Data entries
__________________________________________________

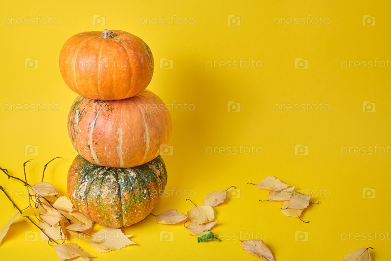 Тыквы стоят друг над другом на желтом фоне
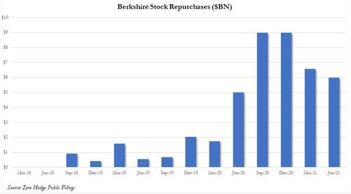 伯克希尔股票在一季度上涨近11%后,二季度又上涨了8.5%,上半年累计上涨23.7%,同期标普500指数涨幅为18.1%。而在2019年和2020年,伯克希尔的股票表现均落后于大盘。
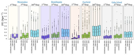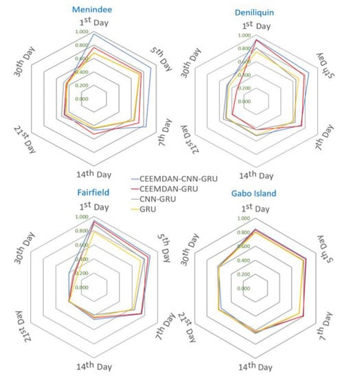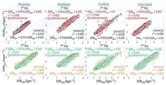 Figure 8 shows a scatter plot of forecasted and observed SSM for the 1st and 7th days across the Murray Darling Basin with a least square regression line, y = mx + C, and the coefficient of determination in each sub-panel. Notably, the objective model (i.e., CEEMDAN-CNN-GRU) is seen to attain more accurate results with considerably larger r2 values. The SSM forecast with a hybrid deep learning model for Menindee station performed significantly better than the comparative model (i.e., CNN-GRU). In the case of Menindee, for example, the values for m and r2 are in reasonably good agreement against the 1:1 line representing the forecasted and observed SSM values in such a way that (m|r2) is 0.994|0.995 for the hybrid CEEMDAN-CNN-GRU model relative to (0.931|0.933) for CNN-GRU for the 1st day ahead of SSM forecasting. Moreover, for the 1st day of SSM forecasting, the CEEMDAN-CNN-GRU model provided results in significant proximity to the other three stations, such as Deniliquin: 0.962|0.966, Fairfield: 0.928|0.964, and the Gabo Island: 0.958|0.976). Alternatively, the y-intercept of the regression line was close to trivial, i.e., 0.002 (Menindee: 1st day), 0.193 (Deniliquin: 1st day), 0.05 (Fairfield:1st day), and 0.303 (Gabo Island:1st day), revealing the efficacy of the deep learning hybrid method for surface soil moisture forecasting. For the 14th, 21st, and 30th day ahead of SSM forecasting, the y-intercept, as expected, deviated slightly from the ideal value of 0, caused by more outliers between simulated and reference values in the testing phase.
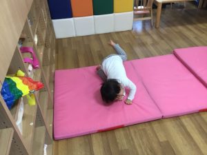 どこまで転がれるかな?壁の位置もしっかり確認していましたよ。
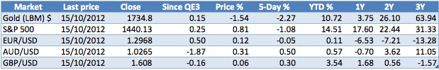 As we can see from the table above, so far the effects from the latest QE program have not delivered was what supposed to be in the script for gold and even the Aussie has produced a negative return, although this is linked specifically to the Australian Reserve Banks own interest rate cuts in an attempt to weaken the currency given the slowing export markers and softer commodity prices that has weighed on economic growth there.
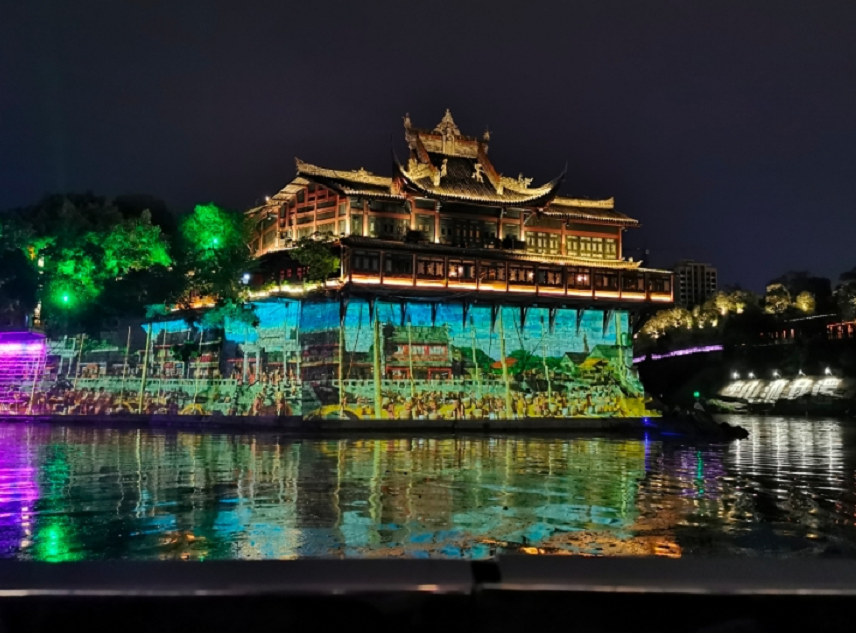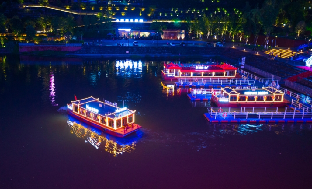 从自贡汇兴路1号桥码头出发,在蜿蜒曲折的釜溪河中乘船游览,至自流井老街码头,全程约6.2公里。这就是自贡围绕“水上灯会”这一主题,打造的“夜游釜溪”项目。夜游釜溪”以“一河三弯四段”为设计主线,通过传统彩灯+现代光影相结合的方式,在山川桥梁、沿河风物上“挥毫泼墨”,再现城市文明历程和人文精神,并串联起釜溪河文化博览园、文创公园新街里、王爷庙、自流井老街等文化旅游城市地标,让游客享受一场与众不同的水上灯会盛宴。
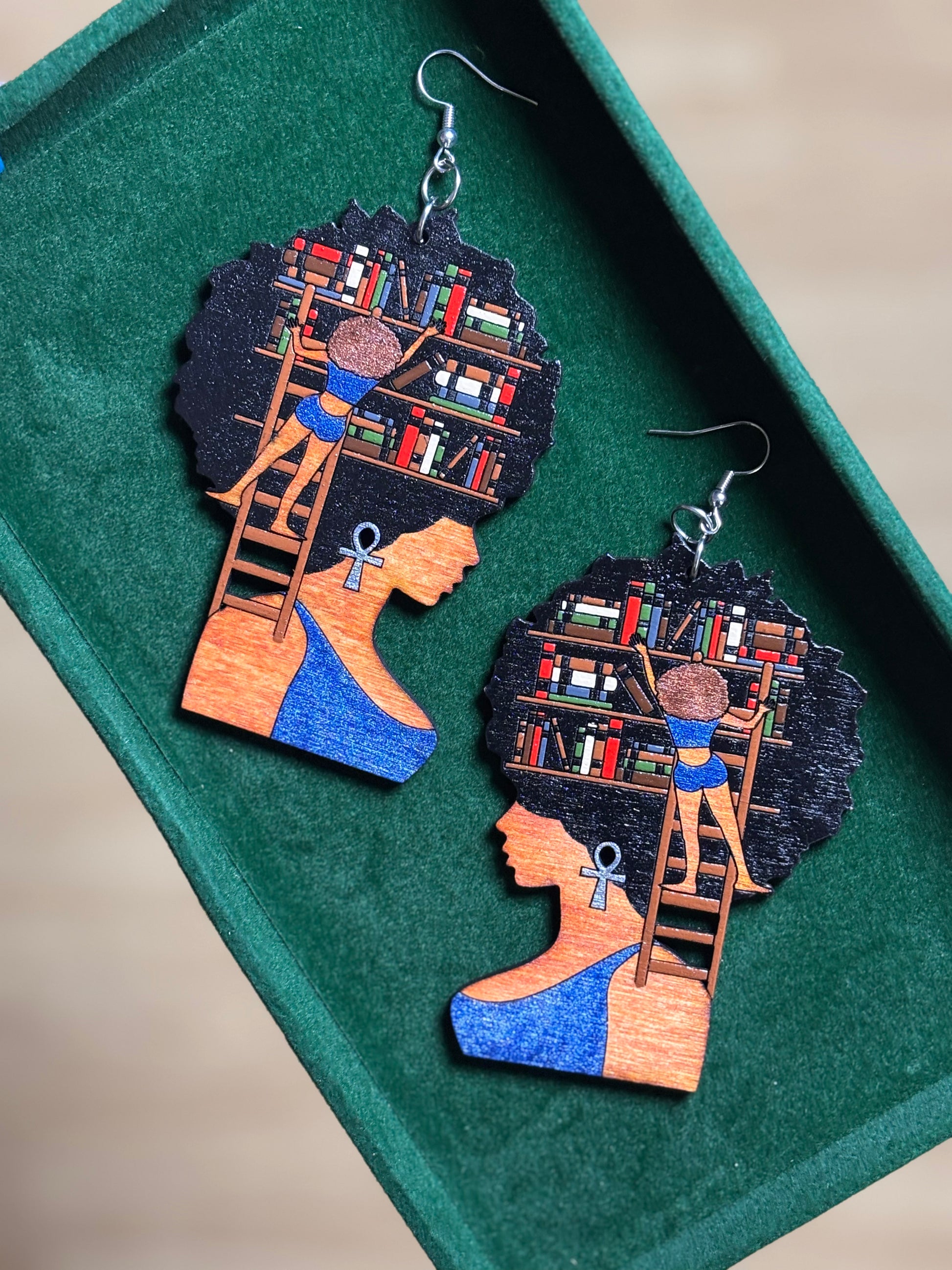 Celebrate beauty, strength, and wisdom with our Crown Of Knowledge Earrings. Hand-painted on lightweight birchwood, these vibrant earrings feature the silhouette of a woman with a crown of books, symbolizing empowerment and self-growth. Each piece showcases stunning Afrocentric artistry with rich colors and intricate details, finished with a protective coating for long-lasting wear. Despite their bold size, the birchwood keeps them ultra-lightweight and comfortable, making them perfect for all-day wear.

__________________________________________________

Give every record again without changing a word. Exclude the pictures.

### [RESPONSE TO THE TASK]
 Тыквы стоят друг над другом на желтом фоне
 伯克希尔股票在一季度上涨近11%后,二季度又上涨了8.5%,上半年累计上涨23.7%,同期标普500指数涨幅为18.1%。而在2019年和2020年,伯克希尔的股票表现均落后于大盘。
 Figure 8 shows a scatter plot of forecasted and observed SSM for the 1st and 7th days across the Murray Darling Basin with a least square regression line, y = mx + C, and the coefficient of determination in each sub-panel. Notably, the objective model (i.e., CEEMDAN-CNN-GRU) is seen to attain more accurate results with considerably larger r2 values. The SSM forecast with a hybrid deep learning model for Menindee station performed significantly better than the comparative model (i.e., CNN-GRU). In the case of Menindee, for example, the values for m and r2 are in reasonably good agreement against the 1:1 line representing the forecasted and observed SSM values in such a way that (m|r2) is 0.994|0.995 for the hybrid CEEMDAN-CNN-GRU model relative to (0.931|0.933) for CNN-GRU for the 1st day ahead of SSM forecasting. Moreover, for the 1st day of SSM forecasting, the CEEMDAN-CNN-GRU model provided results in significant proximity to the other three stations, such as Deniliquin: 0.962|0.966, Fairfield: 0.928|0.964, and the Gabo Island: 0.958|0.976). Alternatively, the y-intercept of the regression line was close to trivial, i.e., 0.002 (Menindee: 1st day), 0.193 (Deniliquin: 1st day), 0.05 (Fairfield:1st day), and 0.303 (Gabo Island:1st day), revealing the efficacy of the deep learning hybrid method for surface soil moisture forecasting. For the 14th, 21st, and 30th day ahead of SSM forecasting, the y-intercept, as expected, deviated slightly from the ideal value of 0, caused by more outliers between simulated and reference values in the testing phase.
 どこまで転がれるかな?壁の位置もしっかり確認していましたよ。
 As we can see from the table above, so far the effects from the latest QE program have not delivered was what supposed to be in the script for gold and even the Aussie has produced a negative return, although this is linked specifically to the Australian Reserve Banks own interest rate cuts in an attempt to weaken the currency given the slowing export markers and softer commodity prices that has weighed on economic growth there.
 从自贡汇兴路1号桥码头出发,在蜿蜒曲折的釜溪河中乘船游览,至自流井老街码头,全程约6.2公里。这就是自贡围绕“水上灯会”这一主题,打造的“夜游釜溪”项目。夜游釜溪”以“一河三弯四段”为设计主线,通过传统彩灯+现代光影相结合的方式,在山川桥梁、沿河风物上“挥毫泼墨”,再现城市文明历程和人文精神,并串联起釜溪河文化博览园、文创公园新街里、王爷庙、自流井老街等文化旅游城市地标,让游客享受一场与众不同的水上灯会盛宴。
 Celebrate beauty, strength, and wisdom with our Crown Of Knowledge Earrings. Hand-painted on lightweight birchwood, these vibrant earrings feature the silhouette of a woman with a crown of books, symbolizing empowerment and self-growth. Each piece showcases stunning Afrocentric artistry with rich colors and intricate details, finished with a protective coating for long-lasting wear. Despite their bold size, the birchwood keeps them ultra-lightweight and comfortable, making them perfect for all-day wear.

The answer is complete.